WHAT TO PRODUCE -
Retype the lines below exactly, but only those from the line that has "Mihara Kochi chapter" through the line that has "Photo of 1921". Omit every picture.

MATERIAL TO PROCESS -
● ● ● ● ●
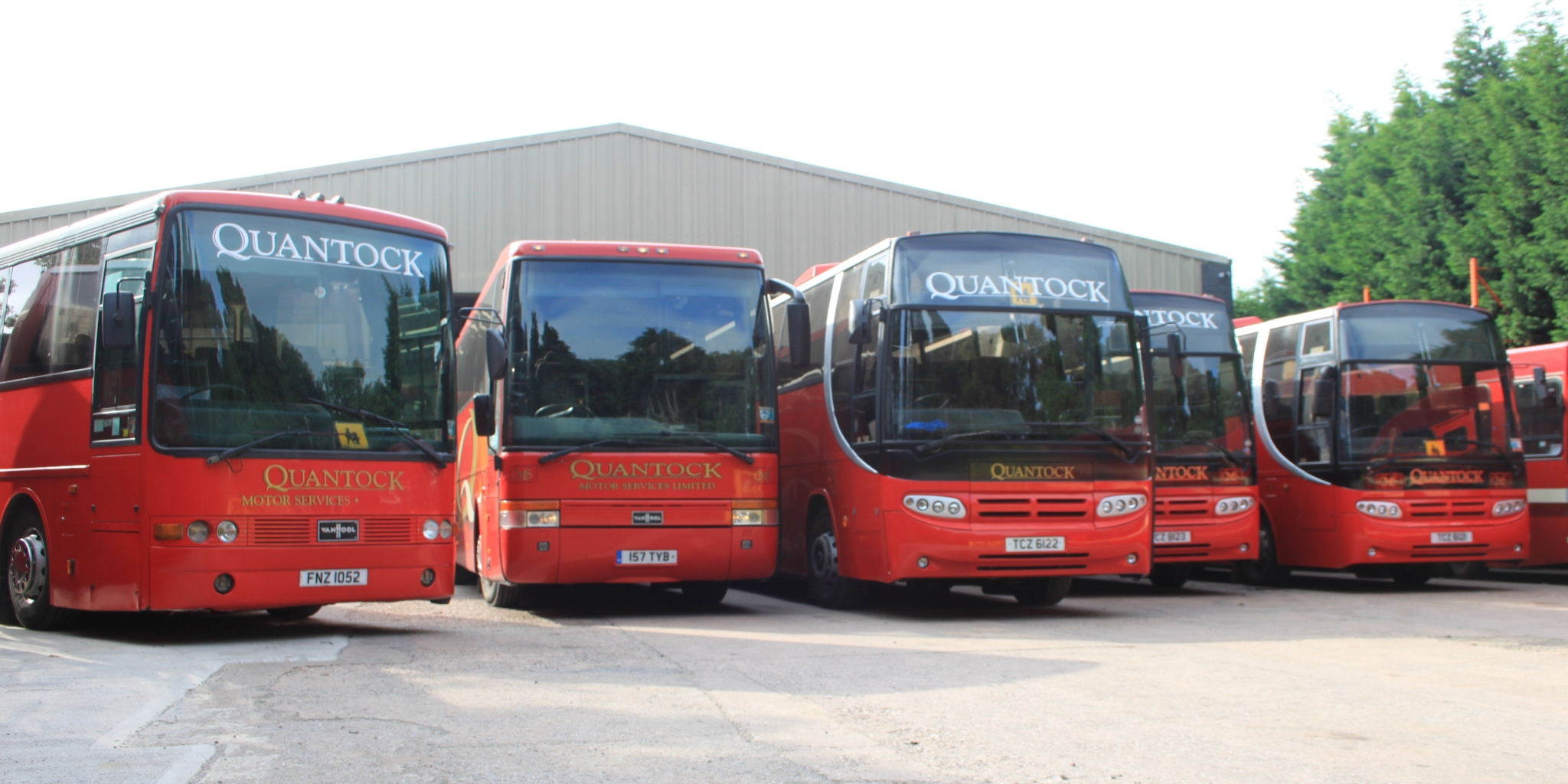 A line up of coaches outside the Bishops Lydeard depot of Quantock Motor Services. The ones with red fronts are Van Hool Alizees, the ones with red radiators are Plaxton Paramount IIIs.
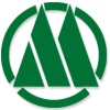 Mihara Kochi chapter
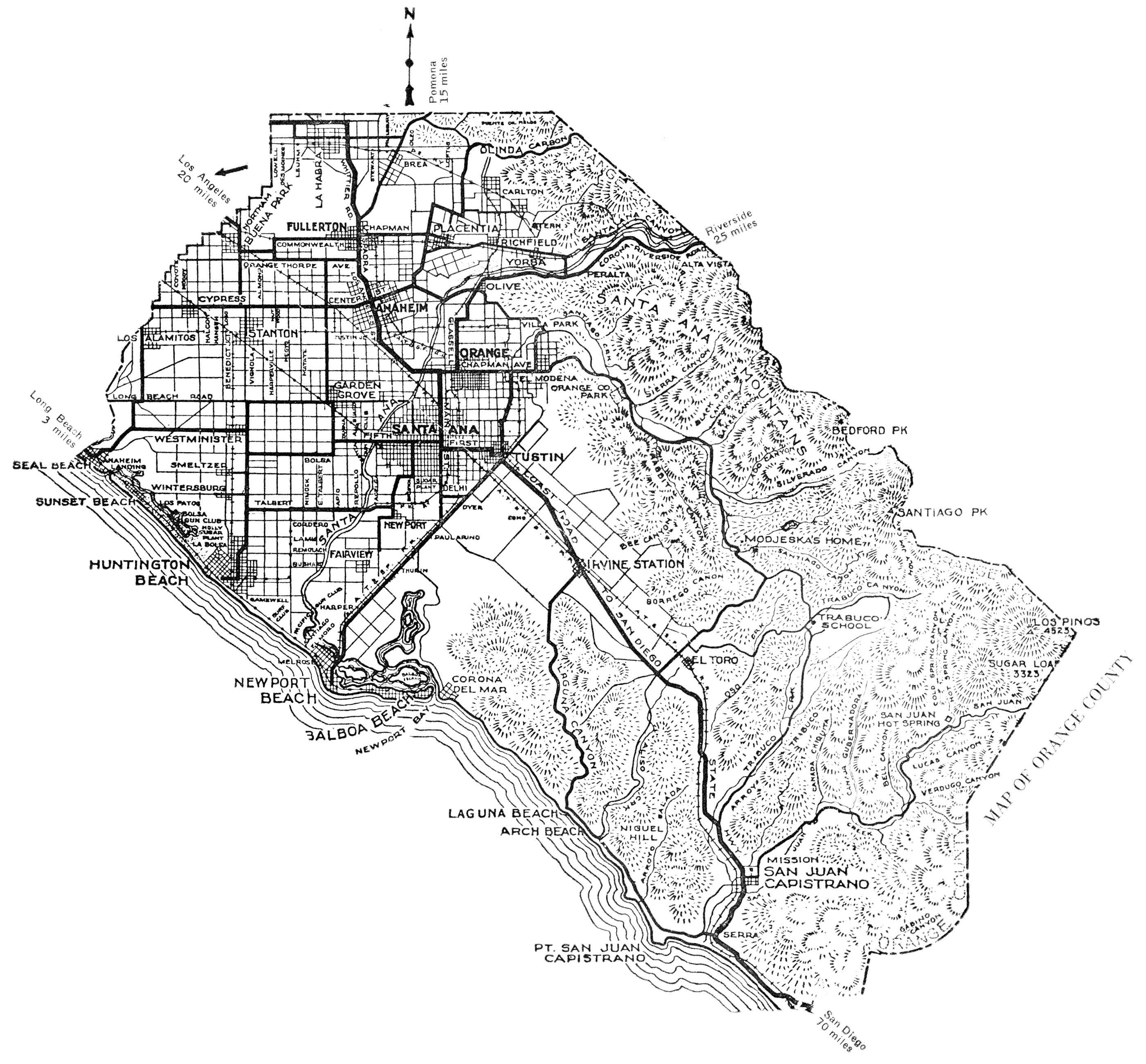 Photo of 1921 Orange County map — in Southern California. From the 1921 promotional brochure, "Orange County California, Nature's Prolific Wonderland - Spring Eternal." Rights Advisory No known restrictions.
● ● ● ● ●
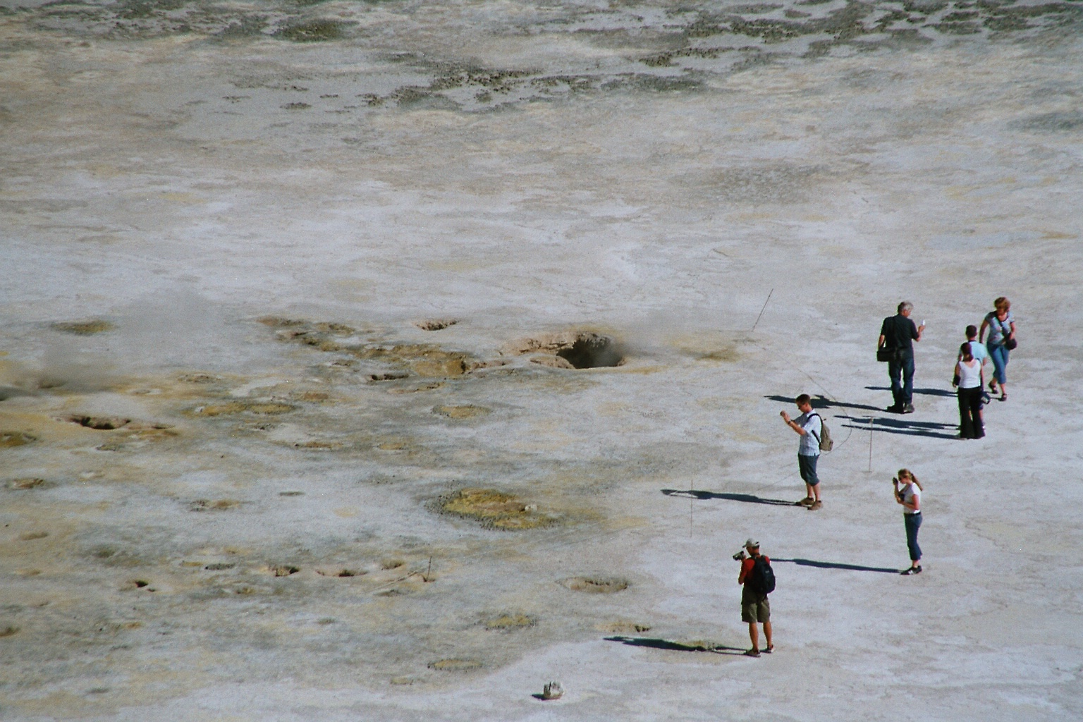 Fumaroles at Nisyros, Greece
● ● ● ● ●
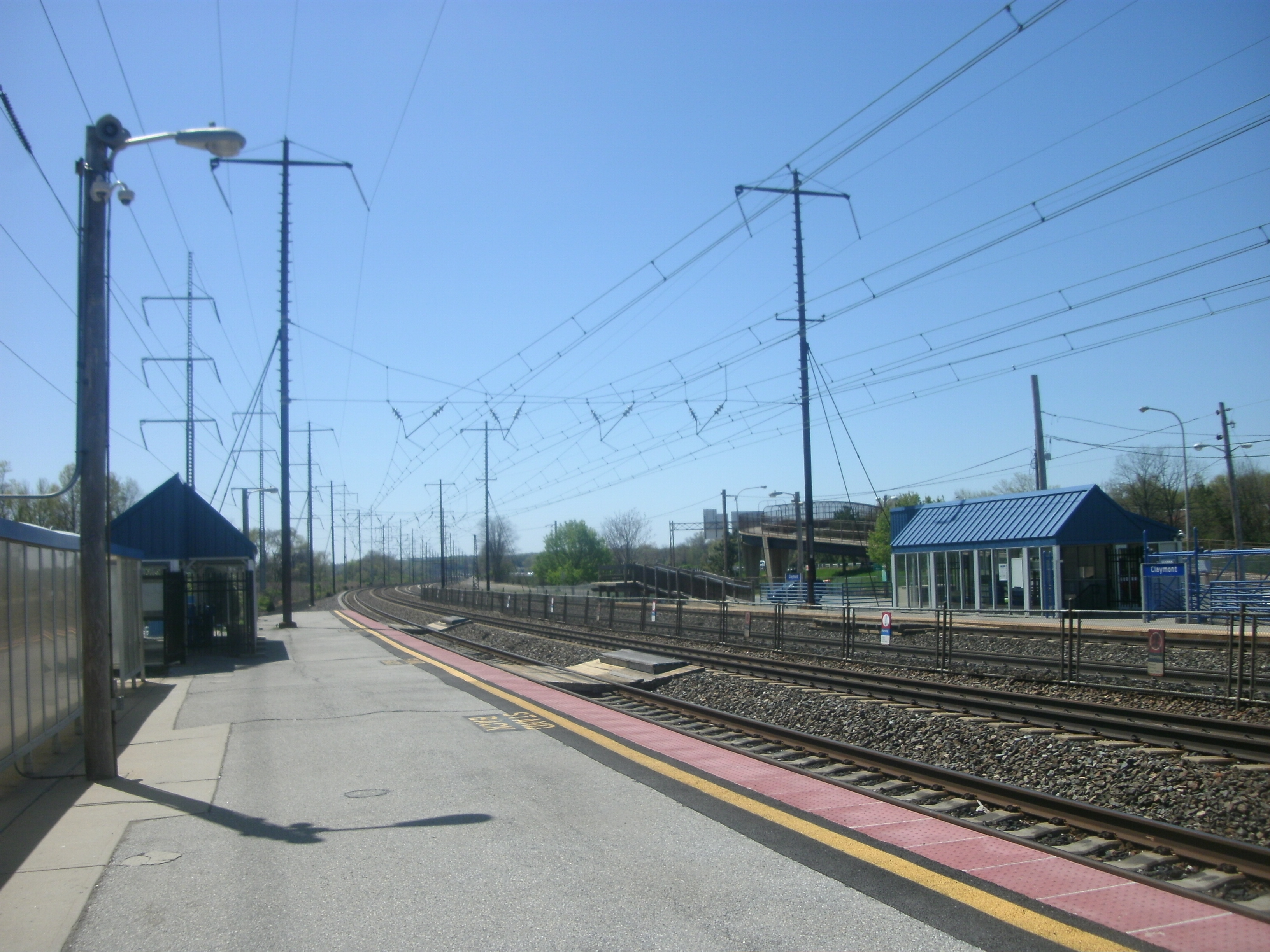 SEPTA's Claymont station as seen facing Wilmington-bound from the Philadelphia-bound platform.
● ● ● ● ●
EXERCISE SOLUTION -
 Mihara Kochi chapter
 Photo of 1921 Orange County map — in Southern California. From the 1921 promotional brochure, "Orange County California, Nature's Prolific Wonderland - Spring Eternal." Rights Advisory No known restrictions.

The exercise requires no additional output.